Co., 318 N.W.2d 456, 458-59 (Mich. 1982); Robinson v. Reliable
Life Ins. Co., 569 S.W.2d 28, 30 (Tex. 1978) (en banc) (the
materiality of a misrepresentation must be viewed as of the time
of the issuance of the policy, rather than at the time the loss
occurred); Cohen v. Penn Mut. Life Ins. Co., 312 P.2d 241, 244
(Cal. 1957).
4 The standard for appellate review of a trial court's
decision on admissibility of evidence is whether the court abused
its discretion. Hutchins v. Schwartz, 724 P.2d 1194, 1197
(Alaska 1986); Dura Corp. v. Harned, 703 P.2d 396, 409 (Alaska
1985).

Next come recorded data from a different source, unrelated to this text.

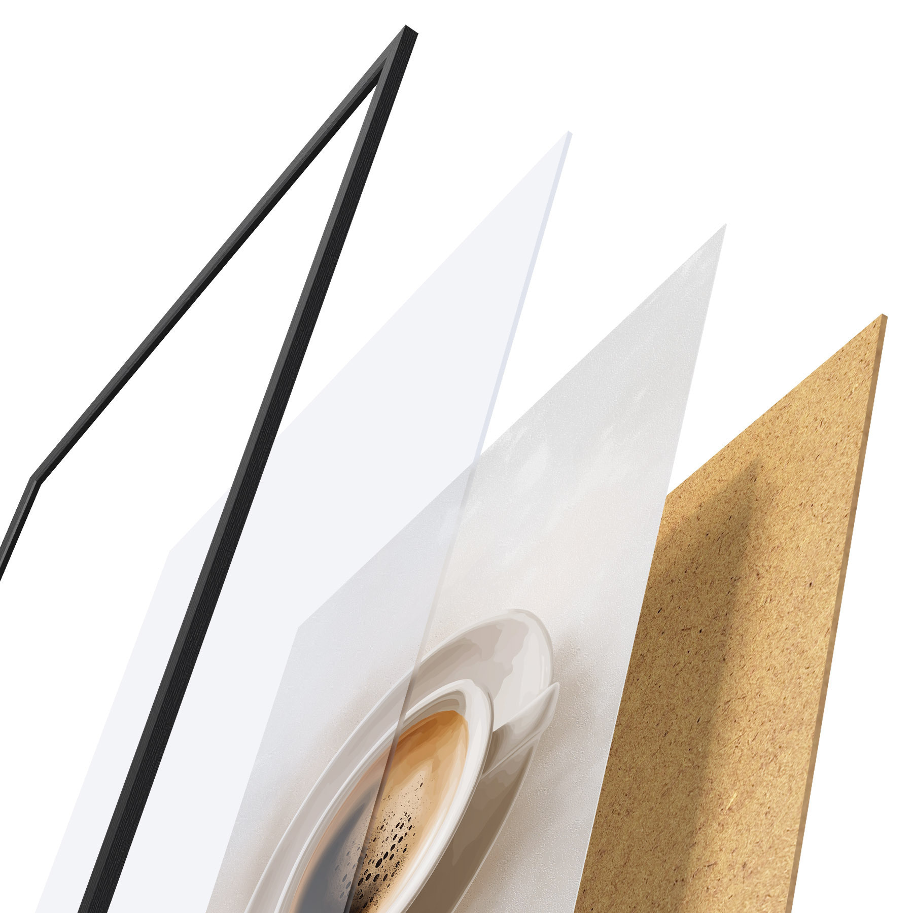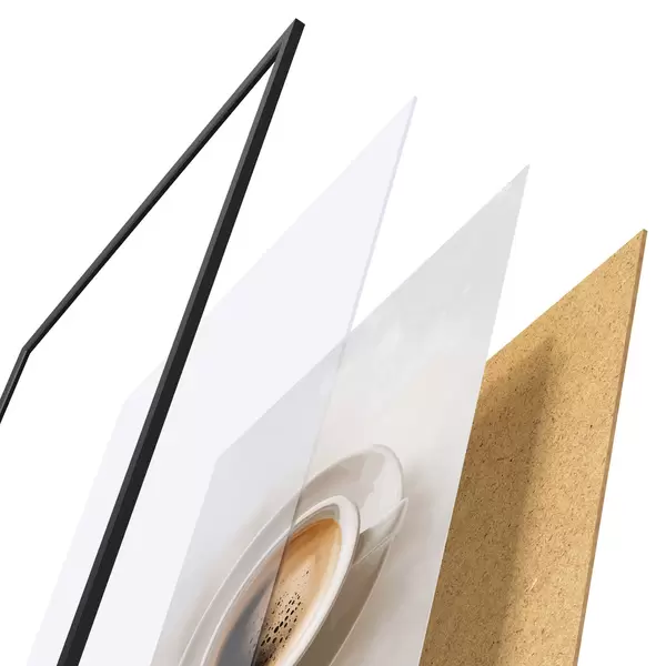 De poster bestaat uit een frame, plexiglas, geprinte afbeelding en spaanplaat achterkant. De poster kan meteen aan de muur worden gehangen dankzij de bevestigingen op de achterkant.
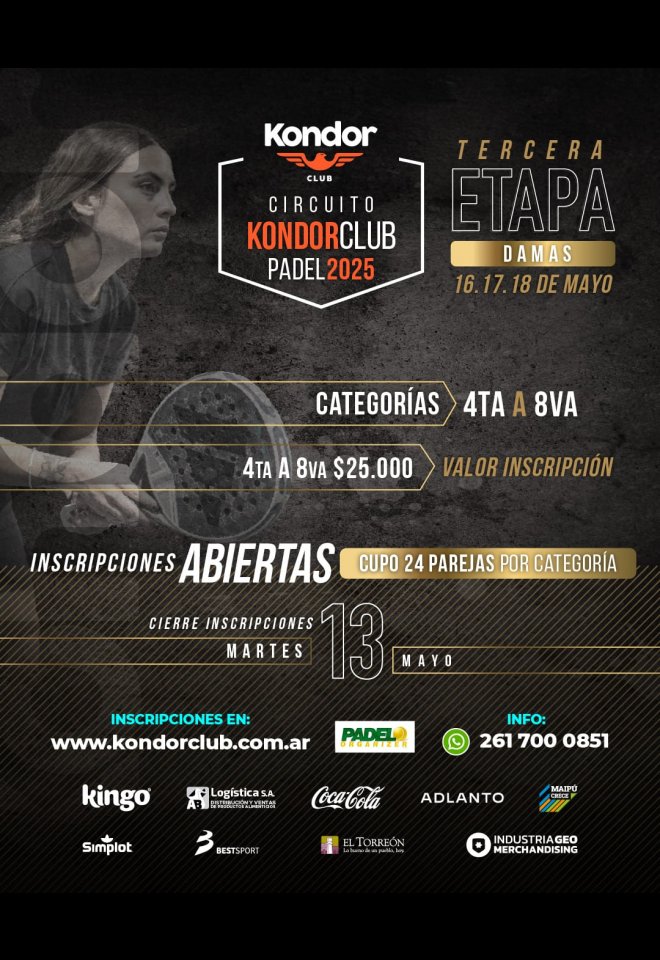 »» Evento: Circuito DAMAS Kondor Club - Etapa 3 »» Localidad: Mendoza »» Fechas: 16/05/2025 al 18/05/2025
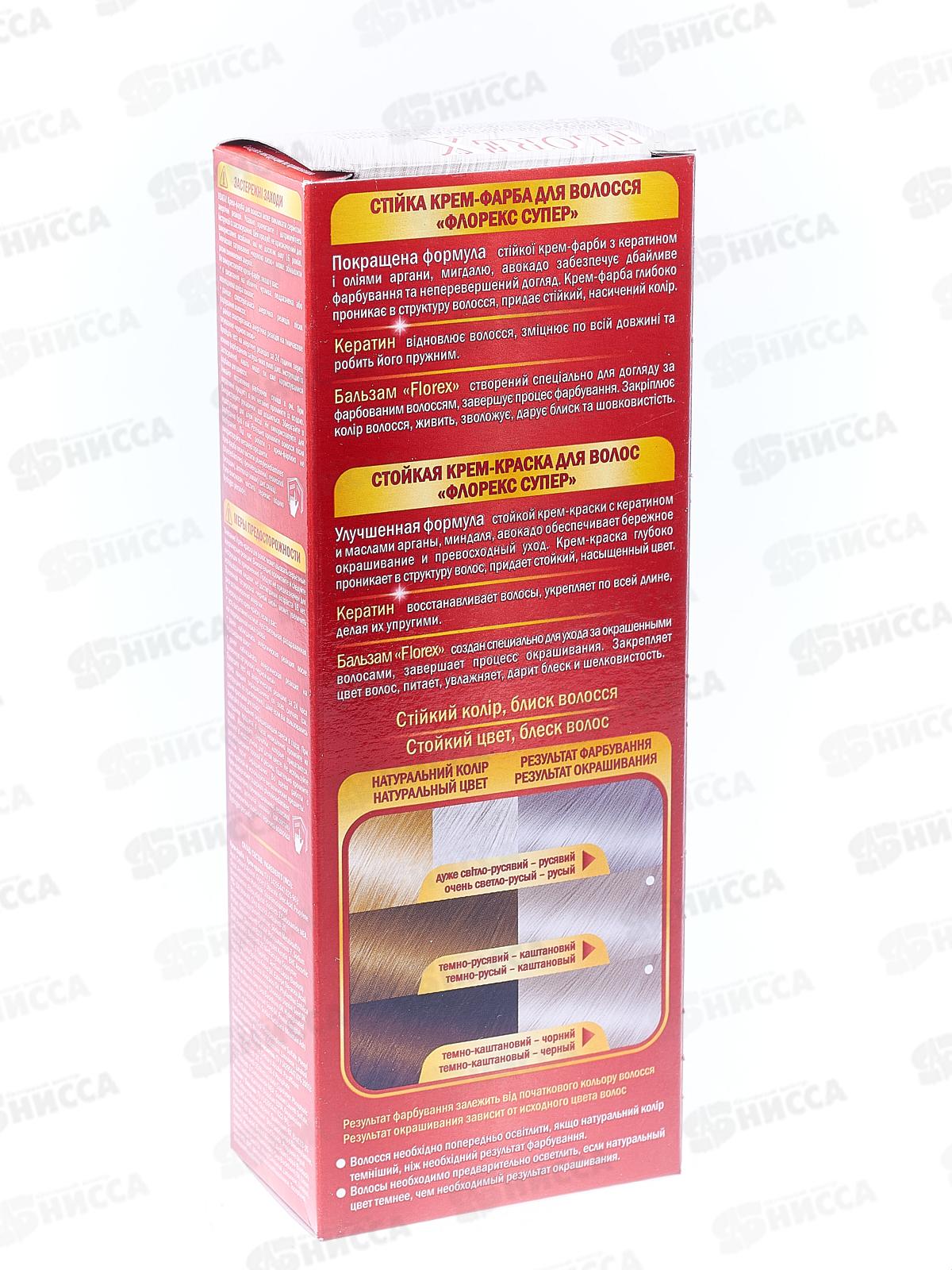 Стойкая крем-краска для волос Florex Super поможет получить желаемый цвет и ослепительный блеск локонов в домашних условиях. Формула краски содержит кератин, питательные масла миндаля, аргании и авокадо, богатые полезными микроэлементами. Активные вещества бережно ухаживают и укрепляют волосы от корней до кончиков. Бальзам Florex, идущий в комплекте, разработан для закрепления результата окрашивания. В его основе питательные и богатые витаминами натуральные экстракты льна, облепихи и репейника. Растительные компоненты ухаживают за волосами, увлажняя их, придают зеркальную гладкость, блеск и шелковистость. Красящие пигменты не повреждают корни и структуру волос, дарят равномерный, стойкий и насыщенный оттенок. Специальная формула полностью закрашивает седину. Краска Florex Super это длительный эффект и непревзойденный результат!
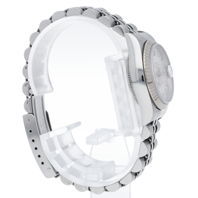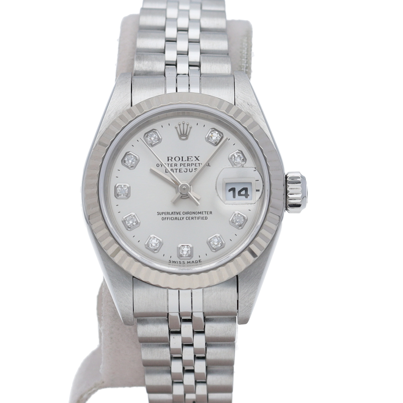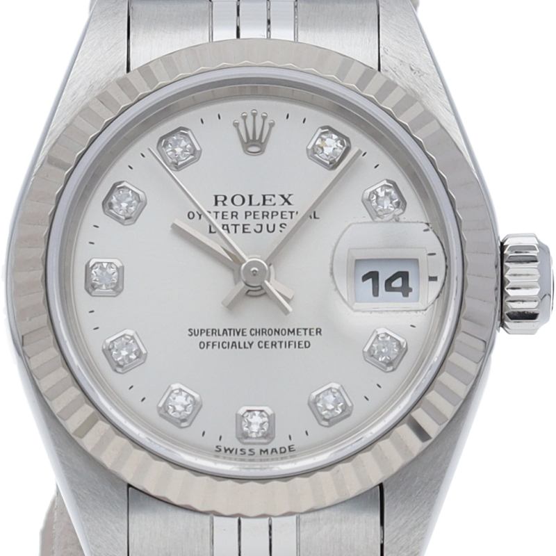 ロレックスのドレスウォッチで幅広い年齢層に愛されているデイトジャスト。ホワイトゴールドとステンレスのコンビ仕様に10Pダイヤが施され豪華な一本に仕上がっています。
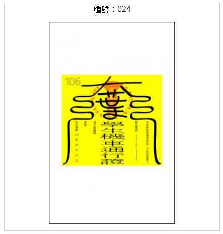 符咒根本一樣,上頭寫著寫著「大葉學生機車通行證」。原PO表示,「這張車證現在180幾票,海放其他作品,X我下學期不想黏這張符咒在機車上啊,搞不好還會夜路遇到鬼被肛」,不過選情經過一夜選情有了大轉變,編號050的以機車儀表板為主軸的作品,投票數超越了024作品,截至20日晚間18時35分,編號024得票840票,編號050得票842票,以兩票之差領先,出現強勁的競爭者,原PO的心理應該是安心了不少。
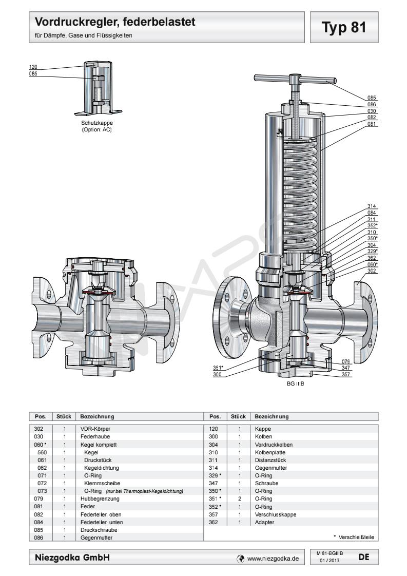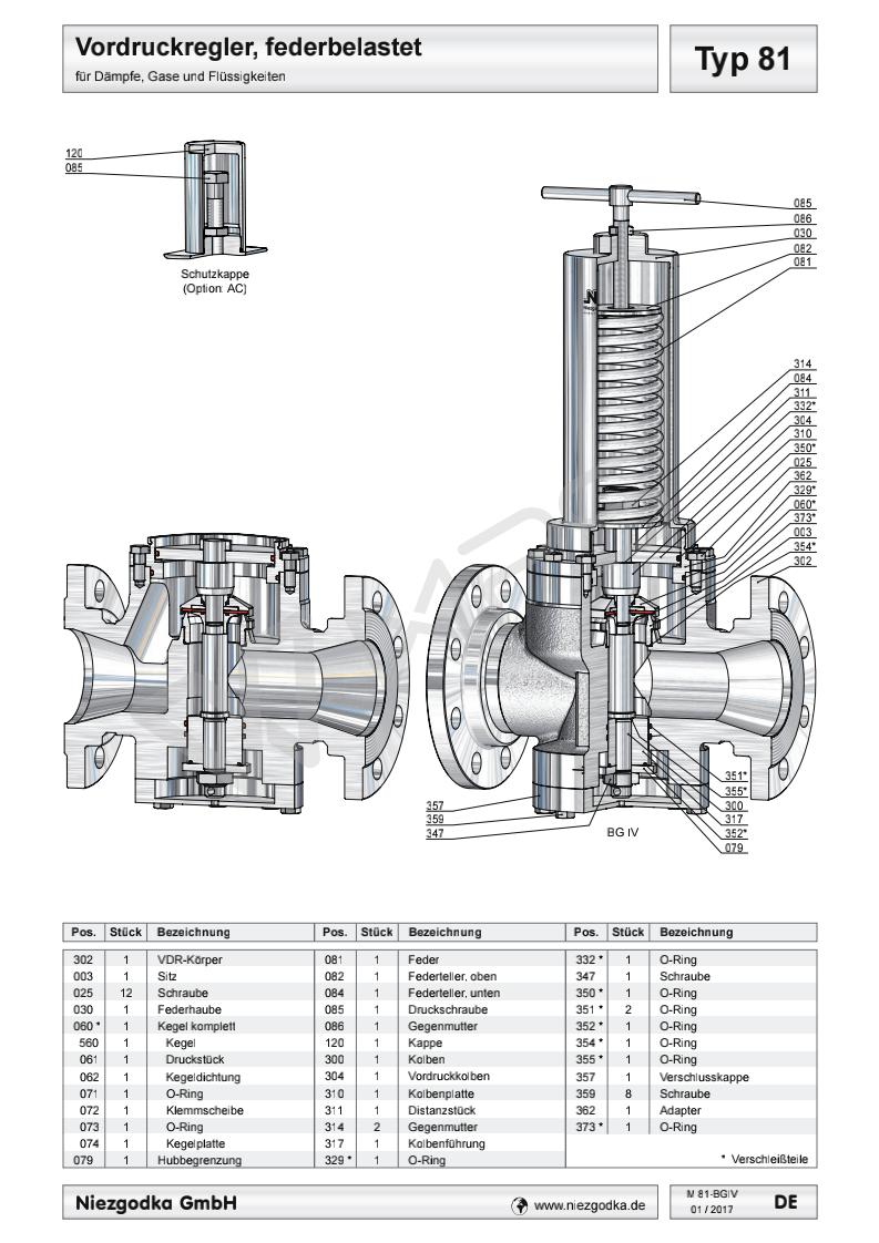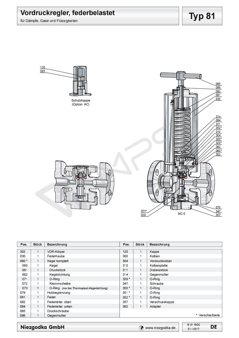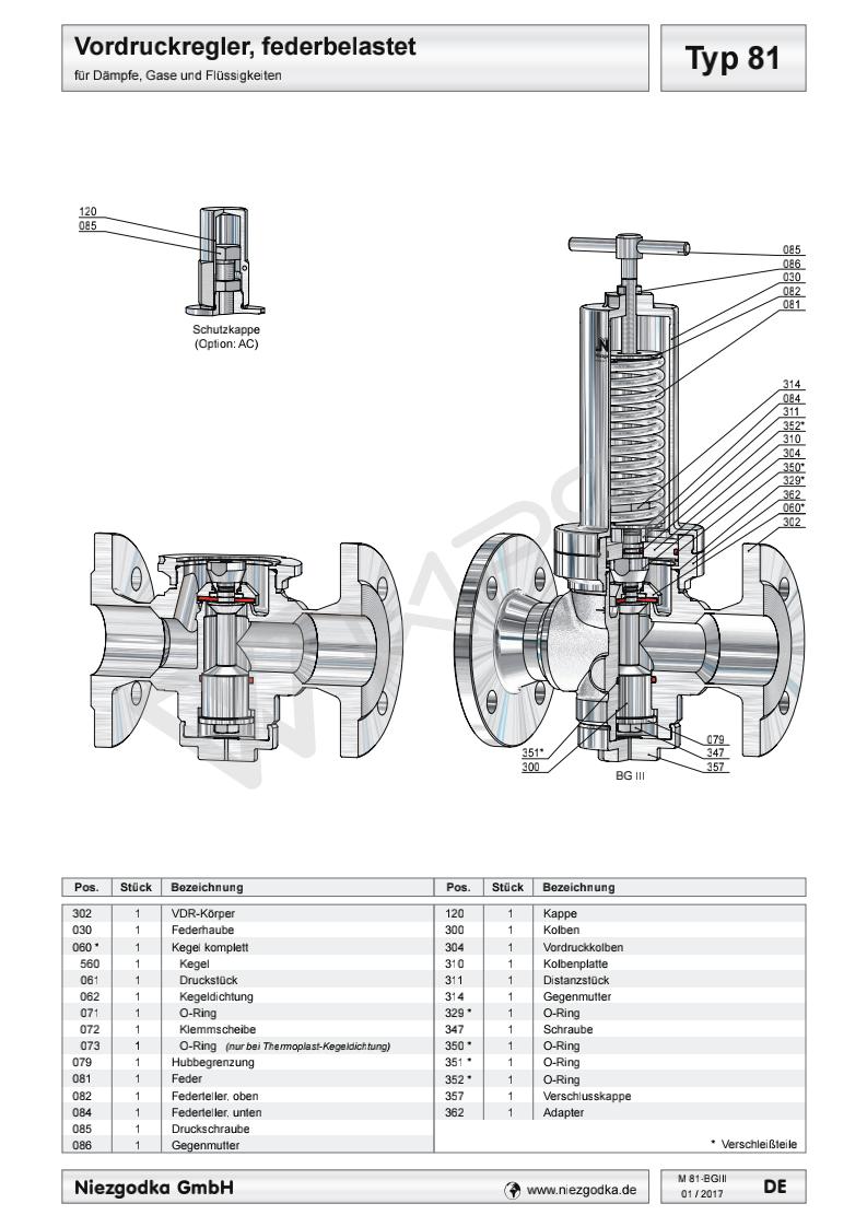 德國進口法蘭壓力控制閥的技術參數 Typ 81
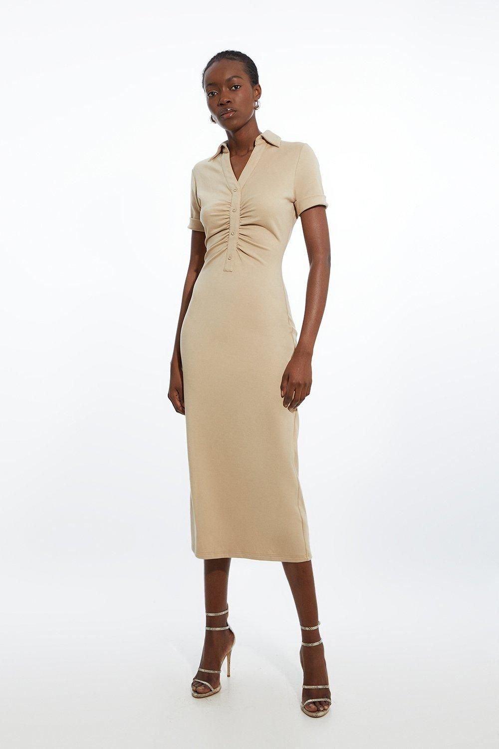 Karen Millen Bodycon Midi Dress S in Tan RRP £99
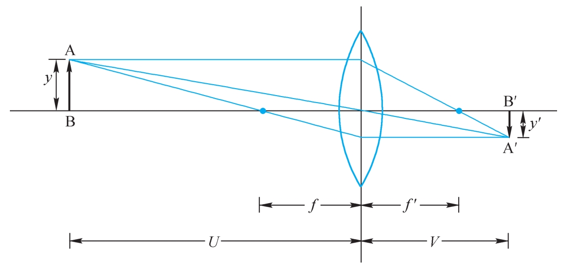 其中, V 和 U 分别是工业镜头光心到图像传感器的距离和工业镜头光心到物体的距离, y′ 和 y 分别是图像的大小和物体的大小。 V 与 U 之比就是放大因子 m (或称放大倍率)。

We will find that a trial court abused its discretion
only "when we are left with a definite and firm conviction, after
reviewing the whole record, that the trial court erred in its
ruling." Peter Pan Seafoods, Inc. v. Stepanoff, 650 P.2d 375,
378-79 (Alaska 1982).
5 MONY's investigation revealed, and Petersen does not
dispute, that Burke had been treated for chest pain by Dr.
Billings in October 1982, thirteen months before his application
for insurance was completed. In addition, Dr. David Henry
testified that Burke visited him on January 16, 1984, at which
time Burke complained of chest and shoulder pains and told Henry
that they had been going on intermittently for three or four
months.
6 Burke's responses to the pertinent questions are as
follows:
Part II, Question 3(m): "Have you
ever had any known indication of, or been
treated for . . . alcoholism or drug habit?"
Answer: "No"
Part I, Question 22(c): Has Burke
"during the past 5 years been treated by a
physician, counselor, psychologist, hospital
or clinic for mental or emotional trouble,
neurological disorder or the use of alcohol
or drugs?" Answer: "No"
(Emphasis added).
7 Part II, Question 2: "List all doctors,
clinics or hospitals you have visited in the
last 5 years for examination, treatment or
consultation."
Burke listed Norton Sound Medical Center and Dr. Billings, for
treatment of high blood pressure. He did not mention: 1) Humana
Hospital; 2) Dr. Dickey; 3) Alaska Psychiatric Institute; or 4)
Dr. Chatel.
Part I, Question 22(b): Has Burke
"during the past 5 years had any illness,
surgery or injury requiring treatment by a
physician, hospital or other medical
facility?" Answer: "No"
Part I, Question 22(c): Has Burke
"during the past 5 years been treated by a
physician, counselor, psychologist, hospital
or clinic for mental or emotional trouble,
neurological disorder, or the use of alcohol
or drugs?" Answer: "No"
8 Although in his main brief Petersen does mention that the
trial court refused to allow this testimony, he fails to advance
any legal argument as to why the court erred.